Раздался долгожданный звонок. Прежде чем я взяла трубку, муж напомнил:

— Говорить четко, ясно и ТРЕЗВО!

— Здравствуйте, Наталья! — жизнерадостно приветствовал меня доктор Перес. — Как вы себя чувствуете?

— Пока хорошо, — проблеяла я.

— Замечательно! Я хотел уточнить у вас имя того русского писателя, о котором вы упоминали и который писал об изменениях психики и восприятия окружающего мира больным человеком.

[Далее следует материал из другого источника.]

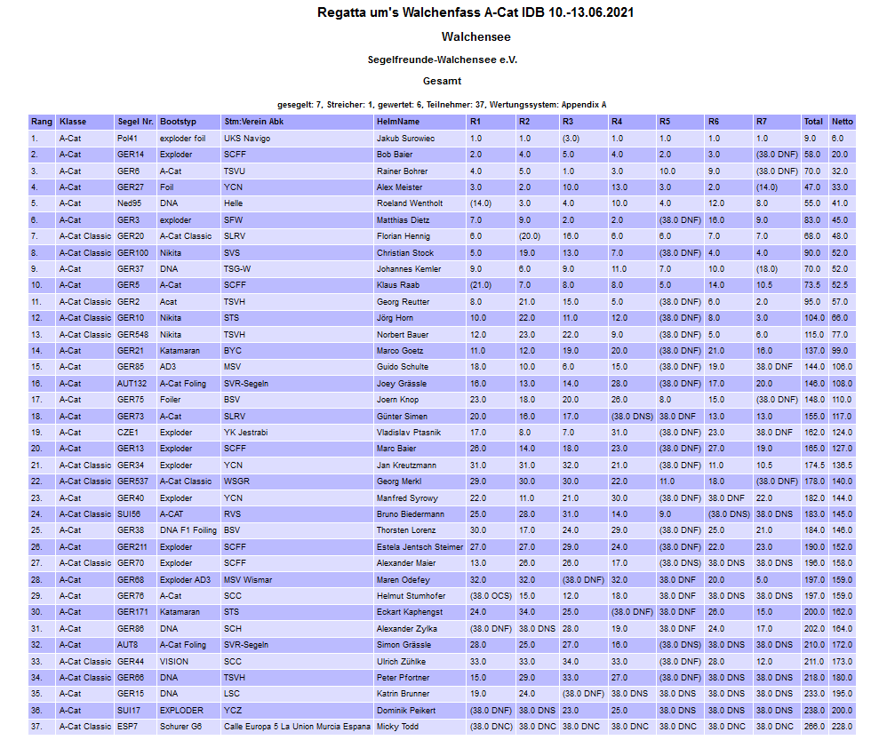 In Corona-Zeiten bedarf es großer Anstrengungen und viel Frustrationstoleranz, um eine aufwändige Regatta wie eine IDB der A-Cats zu organisieren. Das Risiko ist groß, durch pandemiebedingte Auflagen massiv gehindert zu werden oder niedrige Teilnehmerzahlen in Kauf nehmen zu müssen. Die Segelfreunde Walchensee um ihren Vorsitzenden Ulrich Begemann und den A-Cat-Klassenpräsidenten Matthias Dietz ließen sich davon nicht entmutigen und stellten eine „kontaktlose“ Regatta auf die Beine, die selbst von den strengen bayrischen Behörden genehmigt wurde. Ein solcher Einsatz in schwierigen Zeiten kann gar nicht genug gewürdigt werden.
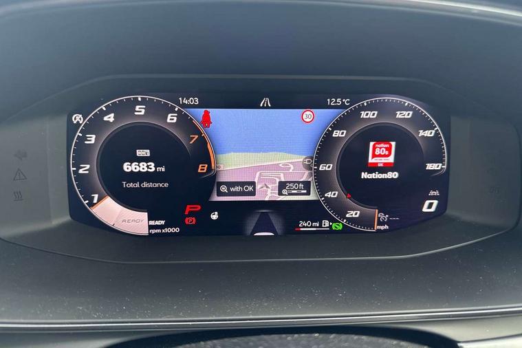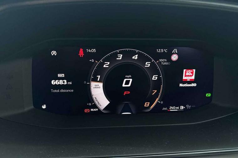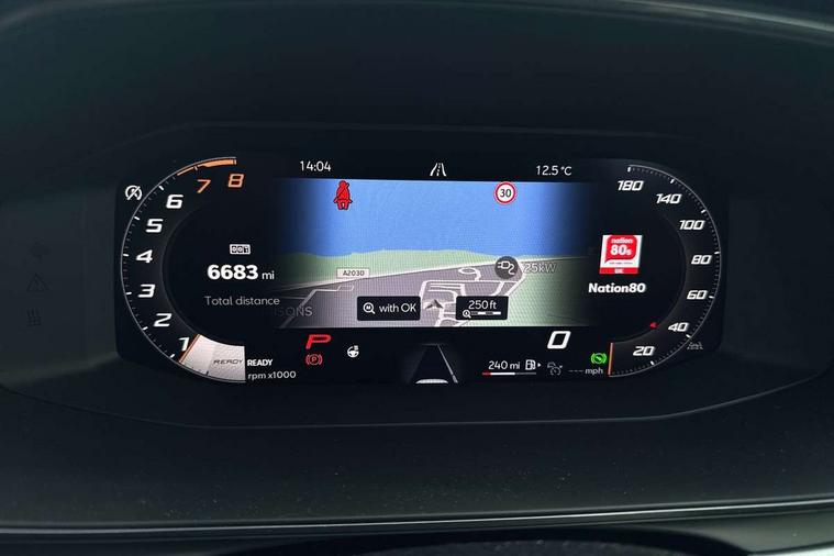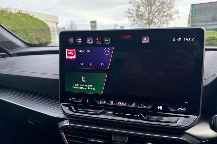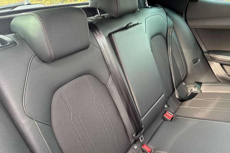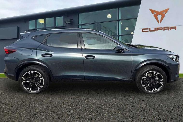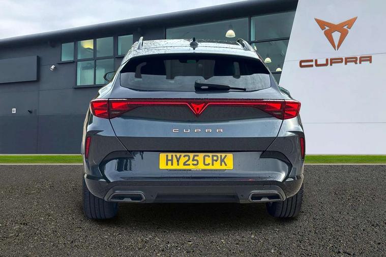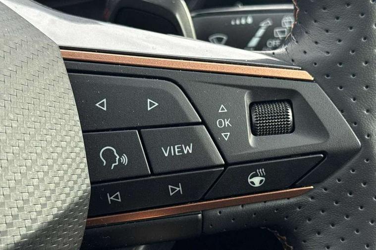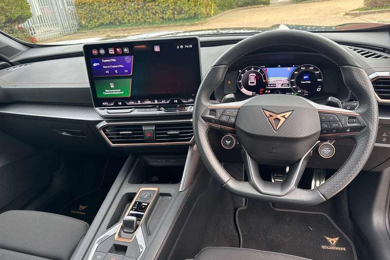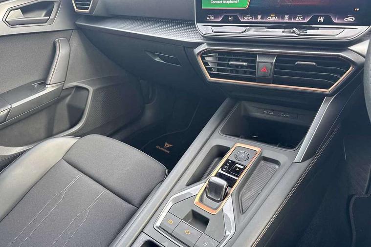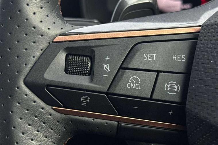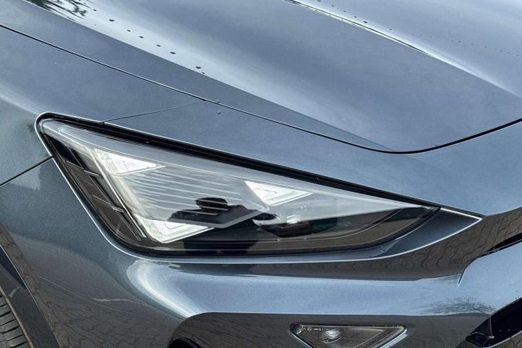 10.25" digital cockpit and configurable dashboard, Adaptive cruise control with follow-to-stop and speed limiter, Advanced driver alert system, Driving profile selection, Dynamic road sign display, Emergency steering support with turn assist, Forward collision warning with automatic braking, Front and rear parking sensors, Full link phone integration, Lane assist, Progressive steering, RPM, trip computer, outside temp gauge, instrument light brightness, low fuel warning light, lights on reminder, gearshift indicator, Service interval indicator, Start/stop system with regenerative braking, Voice control system, Wired Android Auto, Wireless apple carplay, Wireless phone charger, CUPRA sport suspension, Electronic locking differential and dynamic traction support, 2 front and 2 rear USB type C sockets, 7 speakers, Media system with navigation, 12.9" touchscreen display, voice control, DAB, steering wheel mounted controls, Auto dimming rear view mirror, Body colour door handles, Body coloured bumpers, Dark grey wing mirror, Daytime running light with automatic headlight control and coming home feature, Door panel ambient lighting, Dynamic headlight range control, Electric front/rear windows, Electrically adjustable, heated and folding door mirrors, Gloss black roof rails and window surrounds, High beam assist, LED 3rd brake light, LED front fog lamps with cornering function, LED Headlights, LED Taillights with dynamic indicator, Rain sensing wipers, Rear diffuser with black simulated exhaust pipes, Rear fog lights, Rear side wing doors, Rear wash/wipe, Tinted rear windows, Welcome lights (within exterior mirror housing), 12V socket, 2 front and 2 rear reading lights, 3 seat bench in 2nd row, 60/40 split rear bench seat with armrest and mechanical seat release, Black headlining, Black interior roof lining, Cupra sports pedals, Dust/pollen filter, Front and rear head restraints, Front centre armrest, Heated supersports multifunction leather steering wheel with satellite buttons and gear shift paddles, Height/reach adjust steering wheel, Illuminated aluminium doorsteps, Illuminated interior front door sills, Illuminated sunvisor with mirror, Interior ambient lighting, Isofix, Manually adjustable height and lumbar support for front seats, PVC/Cloth upholstery with copper stitching + Sport seats, Satellite steering wheel, Single front passenger seat, Storage pockets on rear of front seats, Three zone climate control with control panel in rear, Variable luggage/load compartment floor, 3 point seatbelts on all rear seats, ABS, Brake control system - ESC and brake booster, Child proof door locks, Driver and front passenger airbags with front passenger airbag de-activation, Electronic parking brake, Front and rear disc brakes, Front side curtain airbags, Hill hold control, Public e-call, Seat belt reminder for front and rear seats, Tyre pressure monitoring system, Anti theft alarm system, Central locking system Keyless Go, Locking wheel bolts, Copper and aluminium interior detailing, 18" Sonora machined silver alloy wheels,

— Василий Николаевич Гоголь.

— Николай Васильевич Гоголь, — поправил меня муж, который стоял рядом и напряженно прислушивался к разговору.

— Ой, извините! Николай Васильевич Гоголь. Продиктовать по буквам? Пожалуйста…

— Анализ! Анализ! — тихо напоминал муж.

— Анализ ситуации пациентом, — говорил доктор Перес в трубку, — особенно если это писатель, человек образного мышления, представляет огромный интерес. В некотором смысле даже больший, чем ученого-естествоиспытателя. Вы не знаете, переводили Хохоля на испанский язык?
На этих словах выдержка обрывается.